Data shown:
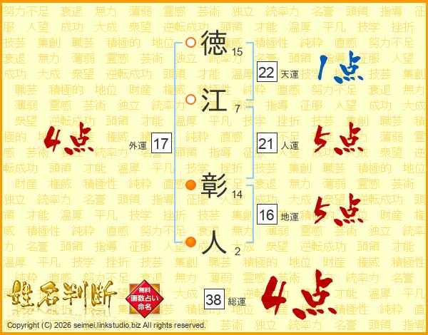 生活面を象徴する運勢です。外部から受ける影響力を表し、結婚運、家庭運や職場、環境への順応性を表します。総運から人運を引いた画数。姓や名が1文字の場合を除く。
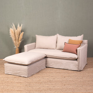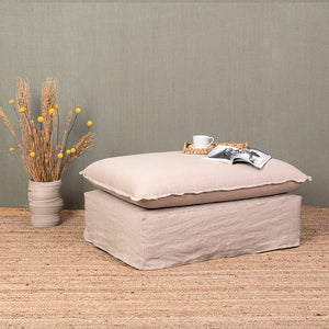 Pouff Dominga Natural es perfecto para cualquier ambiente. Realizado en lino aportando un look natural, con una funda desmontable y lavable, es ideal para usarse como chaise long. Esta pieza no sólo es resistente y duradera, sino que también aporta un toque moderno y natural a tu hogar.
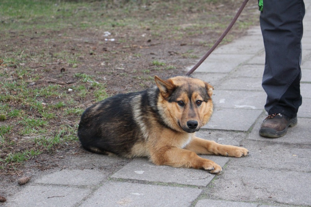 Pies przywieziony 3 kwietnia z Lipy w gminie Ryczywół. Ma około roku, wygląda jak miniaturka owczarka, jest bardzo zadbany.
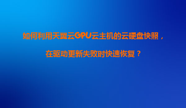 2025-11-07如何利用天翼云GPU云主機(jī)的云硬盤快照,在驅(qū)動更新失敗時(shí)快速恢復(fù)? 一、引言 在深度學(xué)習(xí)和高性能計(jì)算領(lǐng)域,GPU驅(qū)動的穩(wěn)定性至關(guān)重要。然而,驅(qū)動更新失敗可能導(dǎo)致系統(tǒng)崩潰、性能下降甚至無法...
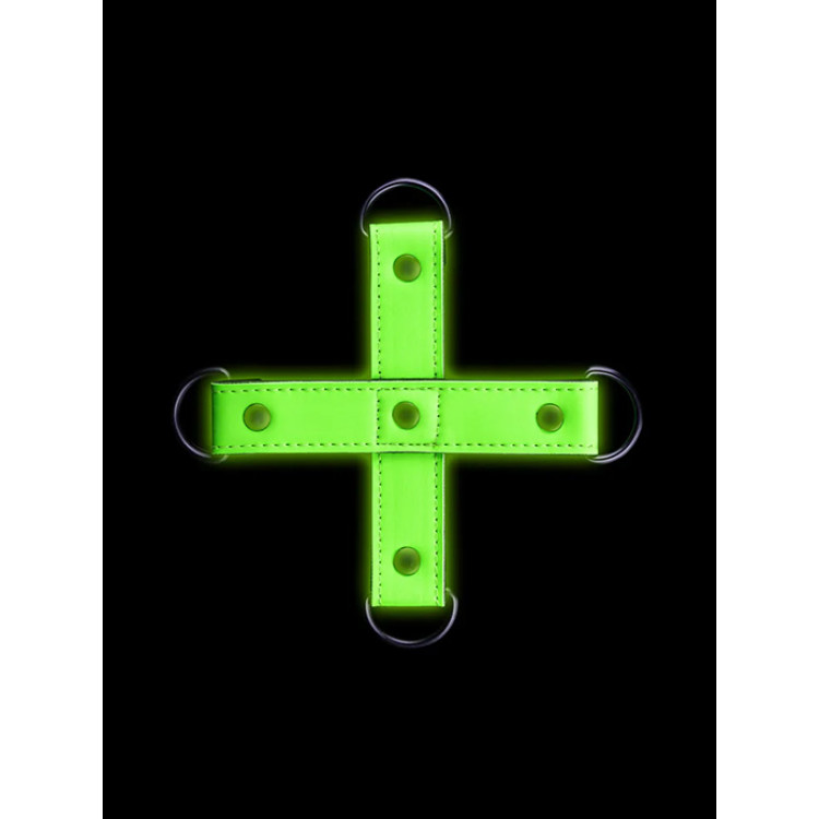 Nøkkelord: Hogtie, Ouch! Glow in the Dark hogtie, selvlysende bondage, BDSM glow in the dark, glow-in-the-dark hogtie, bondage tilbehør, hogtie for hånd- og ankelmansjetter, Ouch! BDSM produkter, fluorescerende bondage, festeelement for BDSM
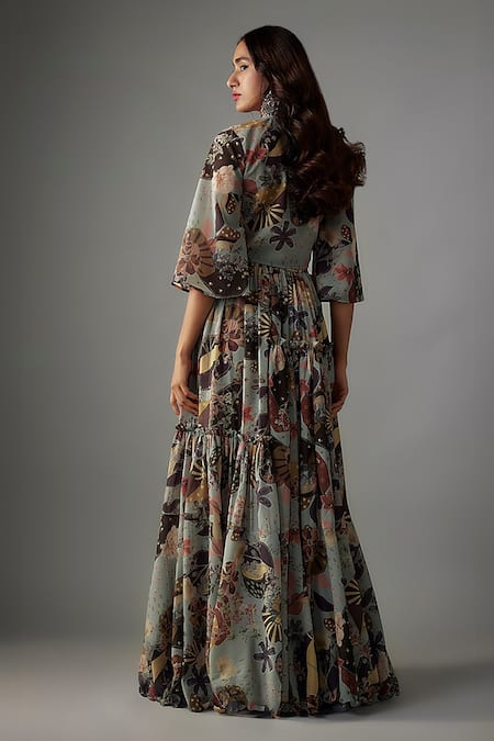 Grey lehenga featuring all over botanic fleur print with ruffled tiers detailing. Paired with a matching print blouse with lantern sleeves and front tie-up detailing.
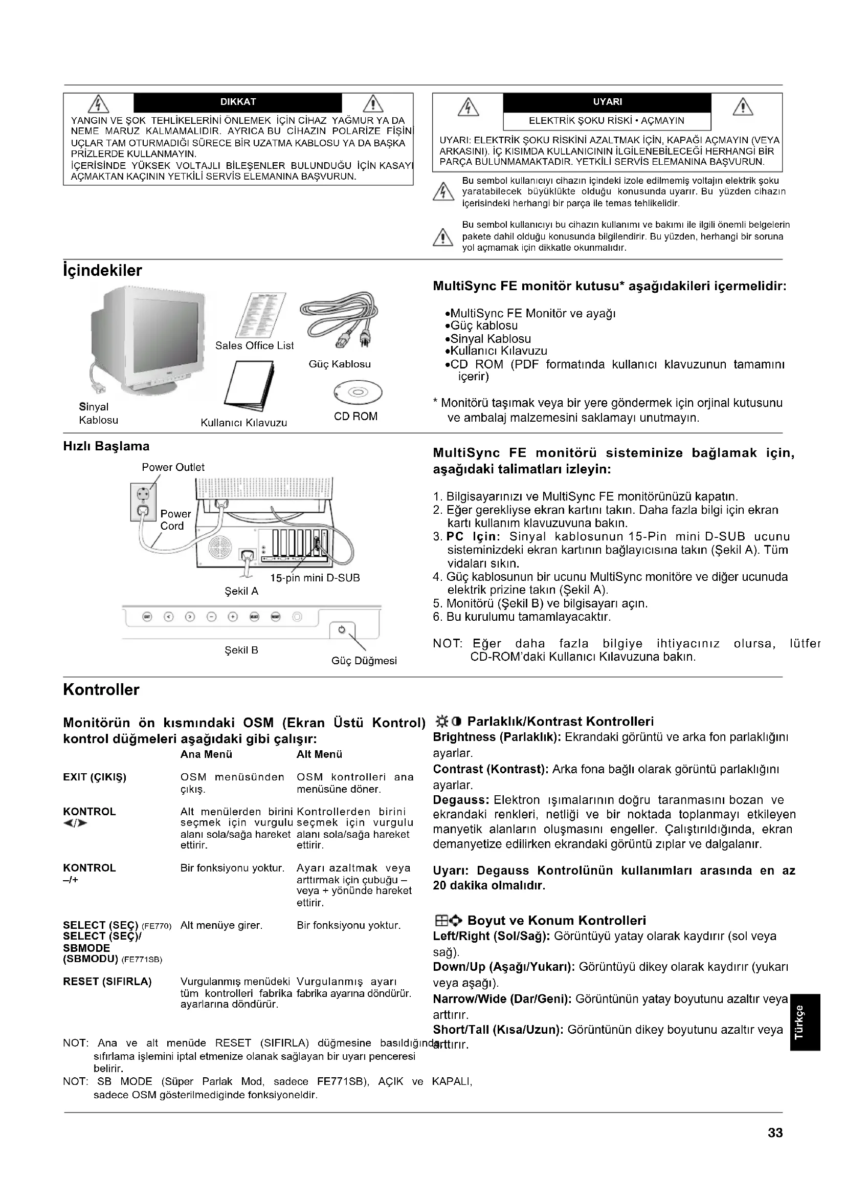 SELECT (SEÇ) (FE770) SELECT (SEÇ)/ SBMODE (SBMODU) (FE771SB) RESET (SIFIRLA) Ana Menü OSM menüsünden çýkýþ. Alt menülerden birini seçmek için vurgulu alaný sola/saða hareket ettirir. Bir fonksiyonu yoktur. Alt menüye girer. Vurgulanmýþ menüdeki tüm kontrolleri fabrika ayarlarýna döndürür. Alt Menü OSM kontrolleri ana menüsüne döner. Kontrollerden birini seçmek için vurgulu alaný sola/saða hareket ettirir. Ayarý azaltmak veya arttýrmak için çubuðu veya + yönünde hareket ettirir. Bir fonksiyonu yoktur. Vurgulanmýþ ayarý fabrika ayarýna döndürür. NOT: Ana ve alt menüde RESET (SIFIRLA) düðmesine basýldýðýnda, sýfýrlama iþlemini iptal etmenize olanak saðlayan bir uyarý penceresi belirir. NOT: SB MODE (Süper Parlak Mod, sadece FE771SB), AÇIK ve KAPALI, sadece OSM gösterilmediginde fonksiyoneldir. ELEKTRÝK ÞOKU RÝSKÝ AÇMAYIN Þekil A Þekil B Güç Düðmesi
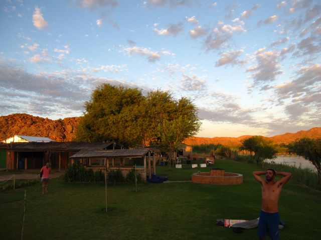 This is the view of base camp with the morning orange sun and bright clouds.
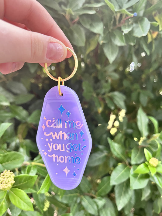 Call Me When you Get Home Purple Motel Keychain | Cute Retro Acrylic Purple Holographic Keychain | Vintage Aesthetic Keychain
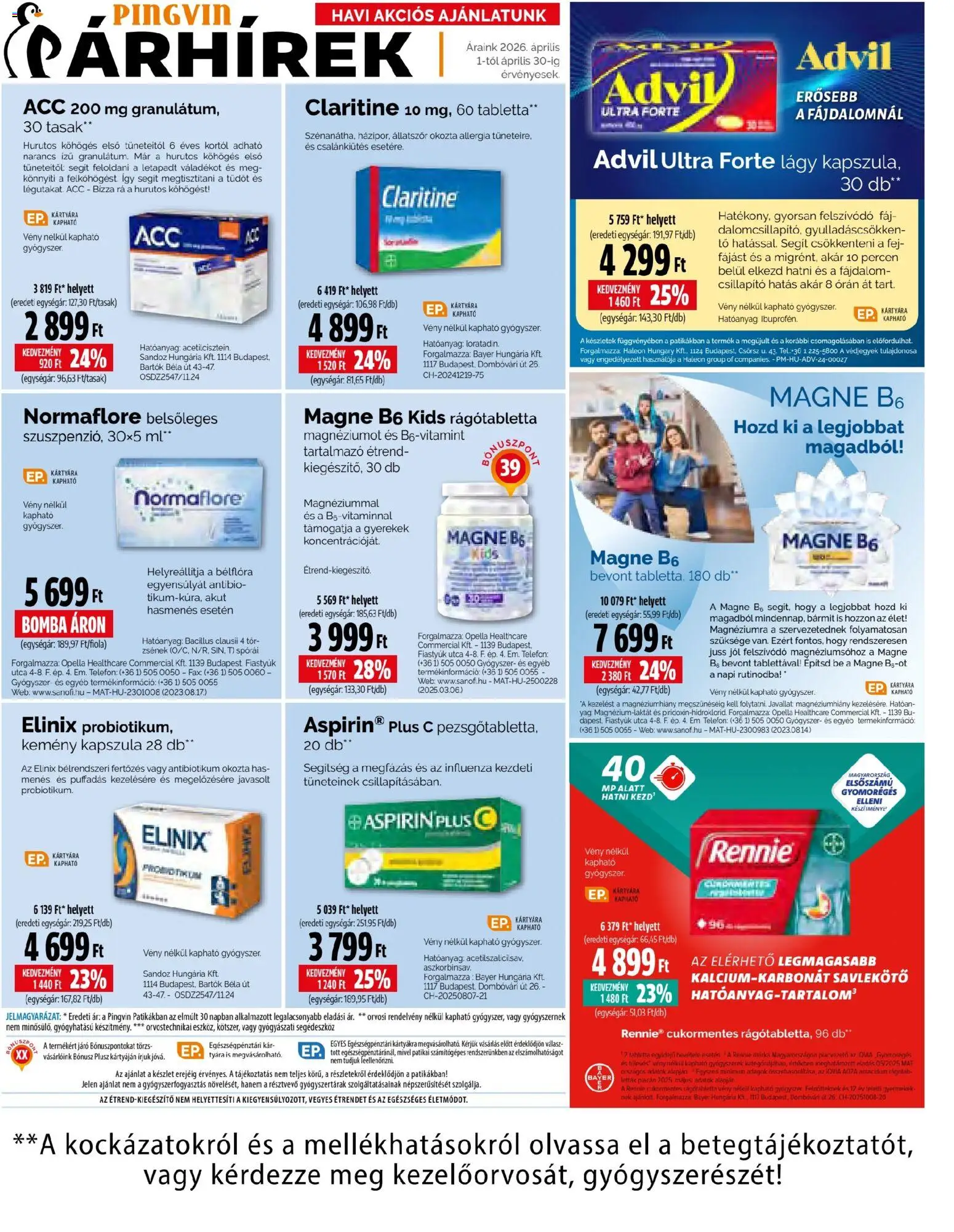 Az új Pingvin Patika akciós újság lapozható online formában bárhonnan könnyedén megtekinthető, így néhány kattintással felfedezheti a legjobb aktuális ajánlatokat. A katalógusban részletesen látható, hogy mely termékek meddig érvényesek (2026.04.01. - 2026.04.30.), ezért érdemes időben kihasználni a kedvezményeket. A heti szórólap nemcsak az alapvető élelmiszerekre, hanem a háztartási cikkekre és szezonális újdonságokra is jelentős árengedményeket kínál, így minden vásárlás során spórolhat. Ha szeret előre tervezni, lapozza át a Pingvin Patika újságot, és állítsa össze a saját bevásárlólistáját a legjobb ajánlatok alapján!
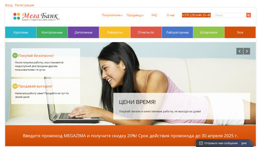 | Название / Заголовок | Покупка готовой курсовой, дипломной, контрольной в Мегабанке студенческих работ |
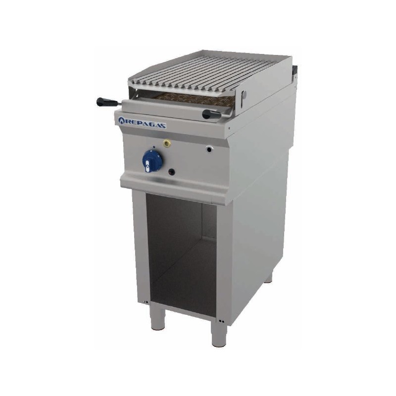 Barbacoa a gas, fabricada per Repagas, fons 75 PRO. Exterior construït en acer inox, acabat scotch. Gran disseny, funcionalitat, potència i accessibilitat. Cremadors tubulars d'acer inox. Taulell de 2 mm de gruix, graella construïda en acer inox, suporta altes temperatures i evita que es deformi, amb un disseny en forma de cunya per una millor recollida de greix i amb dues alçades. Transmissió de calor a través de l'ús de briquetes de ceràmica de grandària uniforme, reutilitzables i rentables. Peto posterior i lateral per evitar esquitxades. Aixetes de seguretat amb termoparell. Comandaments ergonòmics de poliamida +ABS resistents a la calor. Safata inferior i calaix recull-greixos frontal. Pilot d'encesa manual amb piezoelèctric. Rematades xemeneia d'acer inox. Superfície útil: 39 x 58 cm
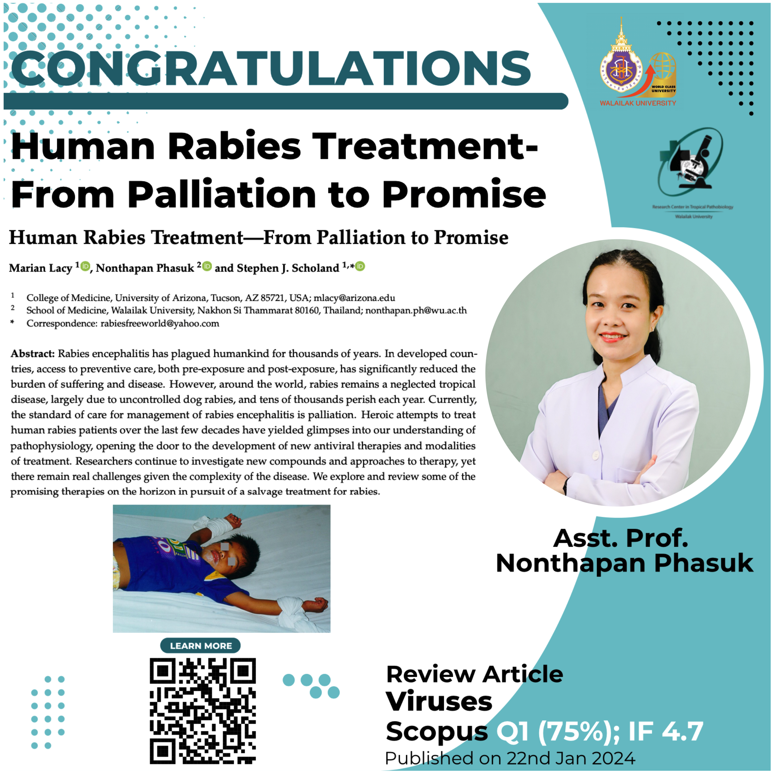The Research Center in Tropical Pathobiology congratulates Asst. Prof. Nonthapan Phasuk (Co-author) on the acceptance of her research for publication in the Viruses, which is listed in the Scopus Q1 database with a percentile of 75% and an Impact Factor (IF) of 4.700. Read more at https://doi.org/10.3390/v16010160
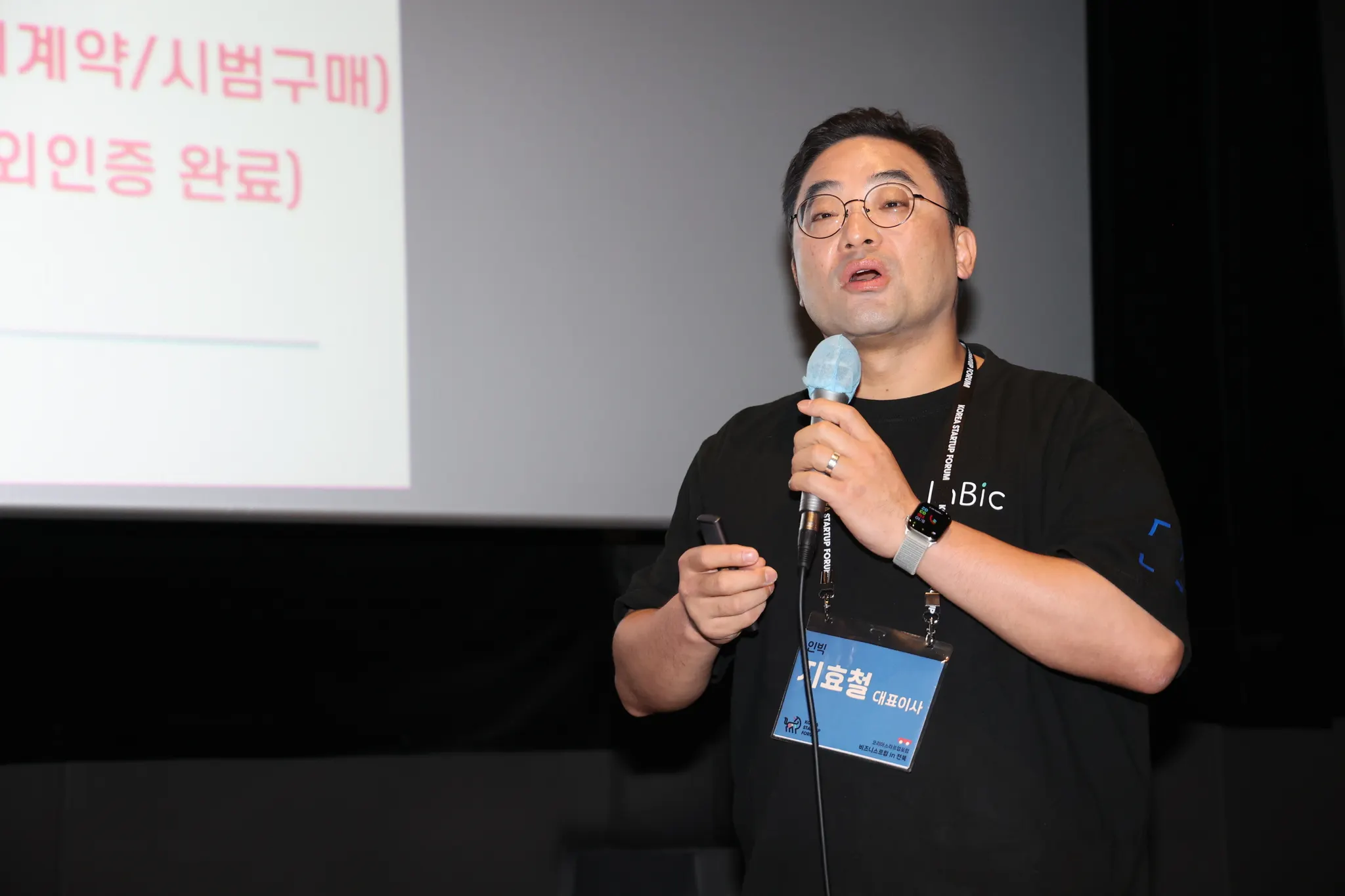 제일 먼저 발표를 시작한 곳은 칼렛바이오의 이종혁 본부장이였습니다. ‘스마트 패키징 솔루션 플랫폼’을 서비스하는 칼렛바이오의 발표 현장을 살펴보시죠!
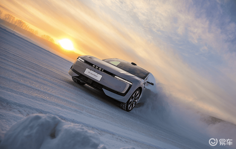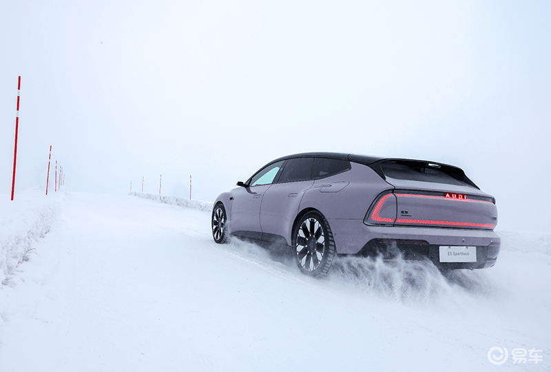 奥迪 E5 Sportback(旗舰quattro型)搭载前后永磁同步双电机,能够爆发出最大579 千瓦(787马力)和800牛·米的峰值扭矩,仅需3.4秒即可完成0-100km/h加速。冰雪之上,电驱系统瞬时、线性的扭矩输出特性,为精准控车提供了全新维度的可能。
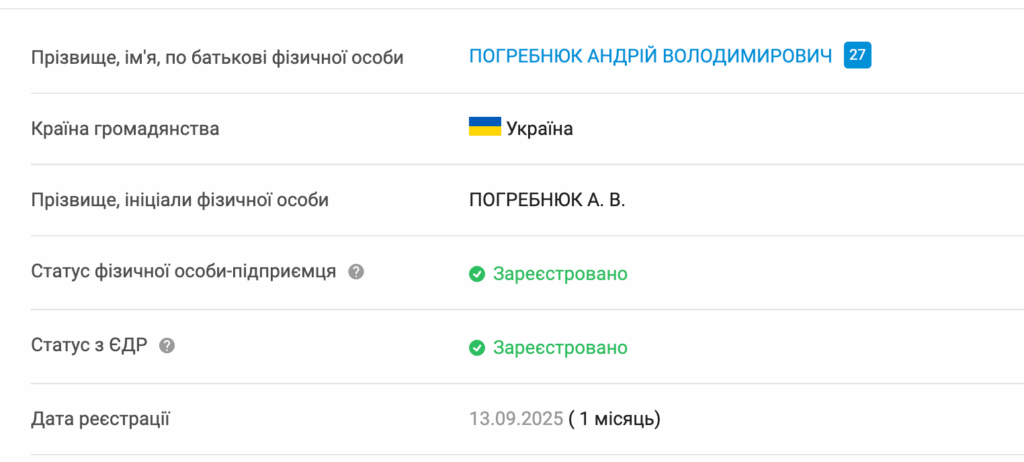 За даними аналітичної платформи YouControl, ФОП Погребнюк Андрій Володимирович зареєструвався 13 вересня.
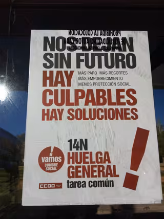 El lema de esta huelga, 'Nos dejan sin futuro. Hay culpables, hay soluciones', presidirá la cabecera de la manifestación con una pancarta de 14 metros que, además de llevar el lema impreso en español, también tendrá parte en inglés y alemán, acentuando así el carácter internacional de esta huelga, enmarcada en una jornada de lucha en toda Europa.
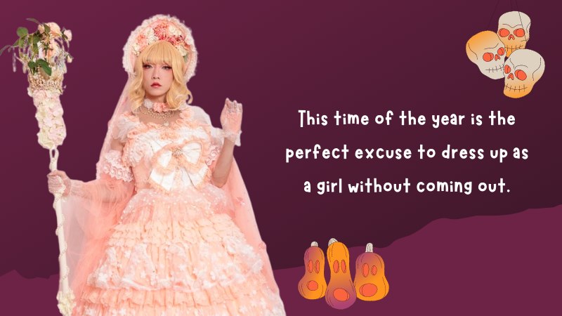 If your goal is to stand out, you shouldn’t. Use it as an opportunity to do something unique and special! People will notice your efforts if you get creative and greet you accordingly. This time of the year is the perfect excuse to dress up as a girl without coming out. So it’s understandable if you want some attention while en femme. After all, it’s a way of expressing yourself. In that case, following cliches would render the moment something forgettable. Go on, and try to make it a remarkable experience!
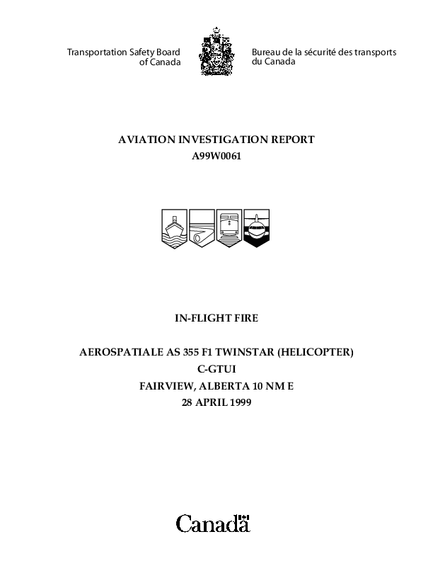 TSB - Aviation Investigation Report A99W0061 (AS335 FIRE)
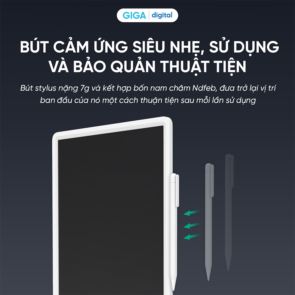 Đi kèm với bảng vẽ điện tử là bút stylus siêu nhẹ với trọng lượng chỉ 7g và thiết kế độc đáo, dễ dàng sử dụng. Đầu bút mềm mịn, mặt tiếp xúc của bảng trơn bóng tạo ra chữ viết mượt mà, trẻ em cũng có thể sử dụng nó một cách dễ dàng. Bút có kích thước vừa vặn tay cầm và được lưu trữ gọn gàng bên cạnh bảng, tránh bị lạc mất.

Problem to solve: Repeat, without pictures, exactly the lines of the data above from the one containing "Pouff Dominga Natural" through the one containing "This is the", including both and adding nothing.

Response box:
 Pouff Dominga Natural es perfecto para cualquier ambiente. Realizado en lino aportando un look natural, con una funda desmontable y lavable, es ideal para usarse como chaise long. Esta pieza no sólo es resistente y duradera, sino que también aporta un toque moderno y natural a tu hogar.
 Pies przywieziony 3 kwietnia z Lipy w gminie Ryczywół. Ma około roku, wygląda jak miniaturka owczarka, jest bardzo zadbany.
 2025-11-07如何利用天翼云GPU云主機(jī)的云硬盤快照,在驅(qū)動更新失敗時(shí)快速恢復(fù)? 一、引言 在深度學(xué)習(xí)和高性能計(jì)算領(lǐng)域,GPU驅(qū)動的穩(wěn)定性至關(guān)重要。然而,驅(qū)動更新失敗可能導(dǎo)致系統(tǒng)崩潰、性能下降甚至無法...
 Nøkkelord: Hogtie, Ouch! Glow in the Dark hogtie, selvlysende bondage, BDSM glow in the dark, glow-in-the-dark hogtie, bondage tilbehør, hogtie for hånd- og ankelmansjetter, Ouch! BDSM produkter, fluorescerende bondage, festeelement for BDSM
 Grey lehenga featuring all over botanic fleur print with ruffled tiers detailing. Paired with a matching print blouse with lantern sleeves and front tie-up detailing.
 SELECT (SEÇ) (FE770) SELECT (SEÇ)/ SBMODE (SBMODU) (FE771SB) RESET (SIFIRLA) Ana Menü OSM menüsünden çýkýþ. Alt menülerden birini seçmek için vurgulu alaný sola/saða hareket ettirir. Bir fonksiyonu yoktur. Alt menüye girer. Vurgulanmýþ menüdeki tüm kontrolleri fabrika ayarlarýna döndürür. Alt Menü OSM kontrolleri ana menüsüne döner. Kontrollerden birini seçmek için vurgulu alaný sola/saða hareket ettirir. Ayarý azaltmak veya arttýrmak için çubuðu veya + yönünde hareket ettirir. Bir fonksiyonu yoktur. Vurgulanmýþ ayarý fabrika ayarýna döndürür. NOT: Ana ve alt menüde RESET (SIFIRLA) düðmesine basýldýðýnda, sýfýrlama iþlemini iptal etmenize olanak saðlayan bir uyarý penceresi belirir. NOT: SB MODE (Süper Parlak Mod, sadece FE771SB), AÇIK ve KAPALI, sadece OSM gösterilmediginde fonksiyoneldir. ELEKTRÝK ÞOKU RÝSKÝ AÇMAYIN Þekil A Þekil B Güç Düðmesi
 This is the view of base camp with the morning orange sun and bright clouds.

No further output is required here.